The three-dimensional chromatin structure and associated gene expression suggested that the putative superenhancer region is part of the HOXA regulatory landscape35,36. To determine if this region is indeed important for anterior HOXA gene expression we set out to remove this region from the genome and examine its effects on gene expression in hESCs and CNCCs (Fig. 4a). Removal of small enhancer modules has frequently resulted in minimal effects on gene expression and mice with very mild phenotypes18,37. Even the disruption of large gene deserts has been reported to result in mice that are overtly normal15,20,38. More recently deletion of ultraconserved enhancer modules required multiple perturbations before a robust phenotype can be observed, suggesting that at minimum, pairs of enhancers may need to be disrupted to understand their function. Within the ncCSSEs of the chromosome 7 gene desert, there are as many as 215 individual enhancer modules in human craniofacial tissue. In our model system of H9 hESC-derived CNCCs, we found 72 individual enhancer modules in this locus. Creating all pairwise combinations of enhancer segment deletions in cell culture of only the CNCC enhancers in this region would require 2556 unique clones to study in this fashion. Therefore, we chose to make a single deletion of the ~625 kb span between NPVF and MIR148A in H9 hESCs and differentiate to CNCCs.
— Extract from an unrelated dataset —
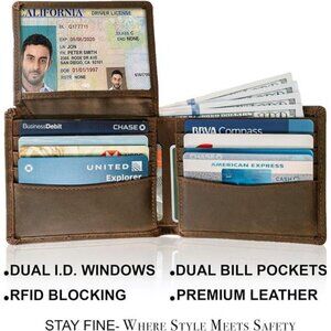 🧿✅ LARGE CAPACITY YET SLIM - Measuring only 4.3" x 3.5" when closed, our slim mens wallets have a large capacity of 8 card slots & 2 Flip up ID Windows. Plus a split billfold to keep you organized.

Fig. 4: Editing of hESCs resulted in inversion of superenhancer target.
figure 4

Method of genome editing H9 cells (a). Location of guide RNAs gRNA1 and gRNA6 relative to the WT orientation (b). CTCF motifs are shown in color by orientation, blue forward and red reverse. Screening strategy for determining whether clones are heterozygous for the 1/6 deletion and determining if a clone contains an inversion of the targeted region, orientation of hemizygous inversion clone is shown (c). HiC interactions in H9-derived CNCCs from WT (d- left panel) and clone with hemizygous inversion (d- right panel). The HiC plot made for INV used alignment to a custom version of the hg19 genome with the specific inversion on chromosome 7 introduced. Strong contacts in WT CNCCs are marked in the left panel with light blue boxes. Novel contacts created by inversion are marked in the right panel with red arrows.

When creating a deletion of such size, attention must be paid to the potential effect on regional three-dimensional chromatin structure. Disruption of TAD boundaries has been shown to result in ectopic expression of genes in the newly formed TADs39,40,41,42, but the effects of removing an entire TAD have been less clear. We hypothesized that removal of the entire TAD containing the superenhancer might not create new TADs or alter larger chromosome architecture and could allow us to identify the specific regulatory outputs of this region. To achieve such a scenario, we aimed to identify sites for cutting by Cas9 that were outside both boundaries of the TAD.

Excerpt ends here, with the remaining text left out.